Training the classifier


        lambda = 0.001;
        [w, b] = vl_svmtrain(X, Y, lambda);
    

Running the detector on test cases


        % Run the detector at multiple scales because we don't know at what scale the faces are present in the input image
        for scale = scales
            scaled_img = imresize(img,scale);
            feat = vl_hog(scaled_img, feature_params.hog_cell_size);
            % Run sliding window over each patch
            for hx = 1:size(feat, 1)-5
                for hy = 1:size(feat,2)-5
                    det = feat(hx:hx+5, hy:hy+5, :);
                    det_feat = reshape(det, 1, []);
                    % Ectract conficence for each patch
                    conf = w'*det_feat' + b;
                    % Add to detected boxes if confidence is greater than a certain threshold.
                    if conf >= thresh
                        cur_x_min = [cur_x_min; (hx-1)*6+1];
                        cur_y_min = [cur_y_min; (hy-1)*6+1];
                        cur_confidences = [cur_confidences; conf];
                        img_scales = [img_scales; scale];
                        k = k + 1;
                    end
                end
            end
        end
        % Rescale the detected boxes according to the scales.
        cur_bboxes = [cur_y_min./img_scales, ...
                        cur_x_min./img_scales, ...
                        (cur_y_min + feature_params.template_size-1)./img_scales, ...
                        (cur_x_min + feature_params.template_size-1)./img_scales];
        % Run non-maximum suppression to remove boxes which are too close to each other.
        [is_maximum] = non_max_supr_bbox(cur_bboxes, cur_confidences, size(img));

        cur_confidences = cur_confidences(is_maximum,:);
        cur_bboxes      = cur_bboxes(     is_maximum,:);
        cur_image_ids   = cur_image_ids(  is_maximum,:);
    

I found out that having a fixed threshold generally gave me a good control over the precision but not much control over the recall of the detector. So I decided to modify the detector. I first weeded out bad detections based on the threshold. This threshold was set to a low value to have high precision. Then I sorted the remaining detections based on their confidences and chose the top n detections out of them. I treated n as a hyper parameter which depended on the size of the input image. As a result, I was able to control and increase the precision by controlling the threshold and control and increase the recall by controlling n.

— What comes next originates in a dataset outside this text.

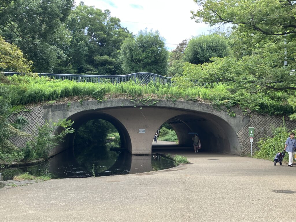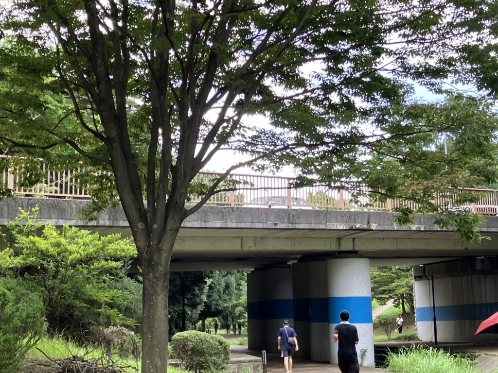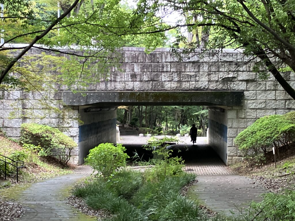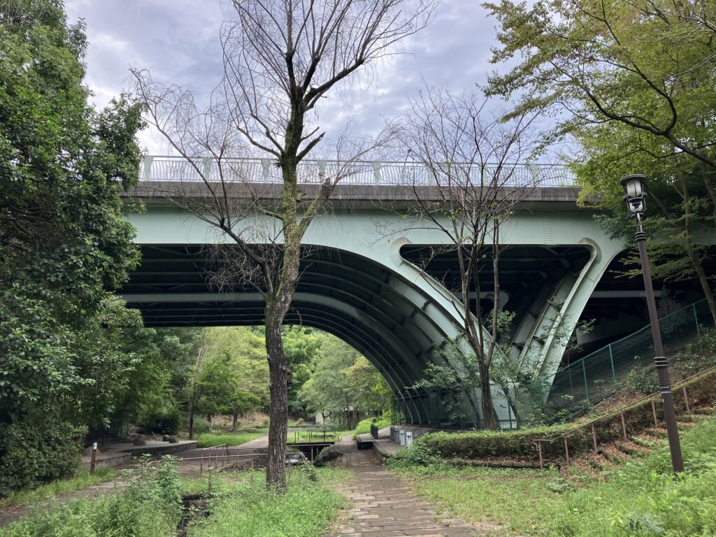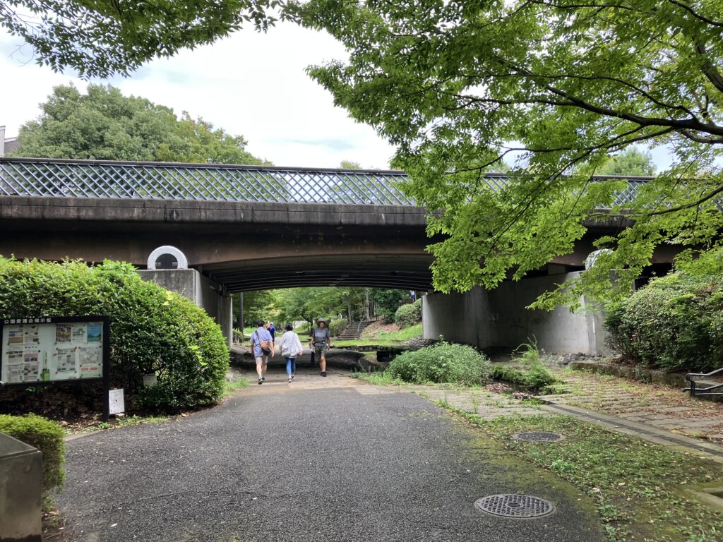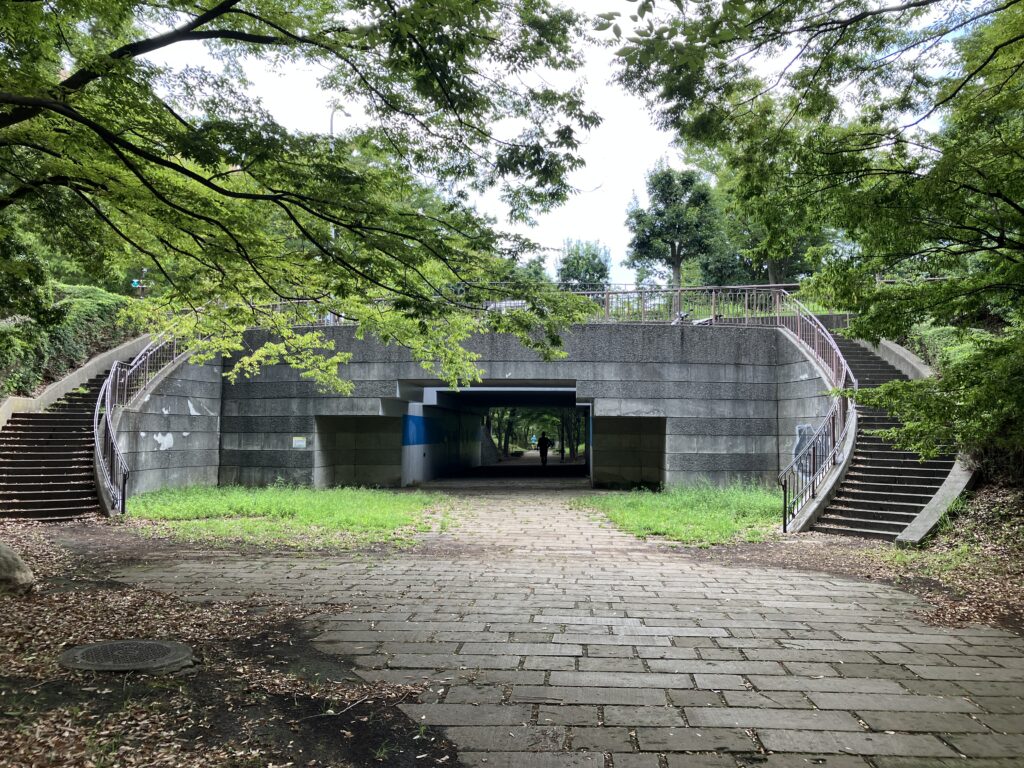 都筑中央公園に入るために、新羽荏田線の下をくぐります。
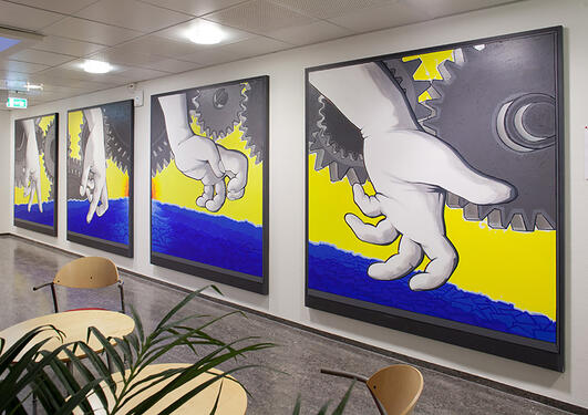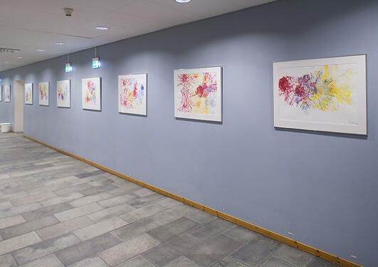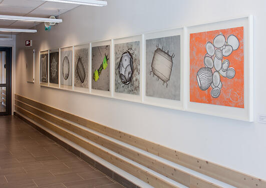 Ved informasjonen i SV-bygget henger sytten små trykk på stoff, innrammet i glass. Motivene, kjente tenkere, er piksellerte, bygget opp av runde flekker som er tettere i enkelte områder. På avstand ser det ut som sort/hvitt-fotografier, men om vi går nærmere, oppløses bildene til en abstrakt,...

The benefits of doing this were two-fold. One, it greatly reduces run time of getting the detections. My run time imporved from 242 seconds to 30 seconds once I did the sorting. Two, it provides me with greater control over both the precision and recall. I find that just having one hyperparameter - threshold doesn't give me much control over the recall of my model.

Here's the code for that.


        n_ind = floor(numel(img)/n);
        [~, ind] = sort(cur_confidences, 'descend');
        if n_ind < numel(cur_x_min)
            cur_x_min = cur_x_min(ind(1:n_ind));
            cur_y_min = cur_y_min(ind(1:n_ind));
            cur_confidences = cur_confidences(ind(1:n_ind));
            img_scales = img_scales(ind(1:n_ind));
        end
    

Here are the results with and without sorting the confidences.

Just threshold

Threshold and sort

Analysis

  1. It's interesting to note that if we visualize the features learnt by the HOG descriptor we see that it looks like a face.
  2. Without running the detector at multiple scales, the accuracy is only around 40%. Here's the precision-recall curve.
  3. Effect of cell size on performance. Lowering the cell size increases the runtime and accuracy of the model. Here's how accuracy varies with cell size:

    cell_size = 4

    visualisation

    thresh=-2, lambda=0.01

    thresh=-2, lambda=0.0001

    thresh=-0.8, lambda=0.001

    cell_size = 2

    thresh=-1, lambda=0.01

Extra Credit

Hard Mining

In hard mining, we run the detector on the images not containing any faces. We then bolster the negative training images with whatever detections we have obtained above. We then retrain the classifier. Hard mining seems to work very well, but seems to be very sensitive to the threshold. Decreasing the threshold while hard mining and training an SVM classifier with a high lambda makes the model learn to distinguish well between negative and positive images (because higher lambda learns a classifier with a larger margin.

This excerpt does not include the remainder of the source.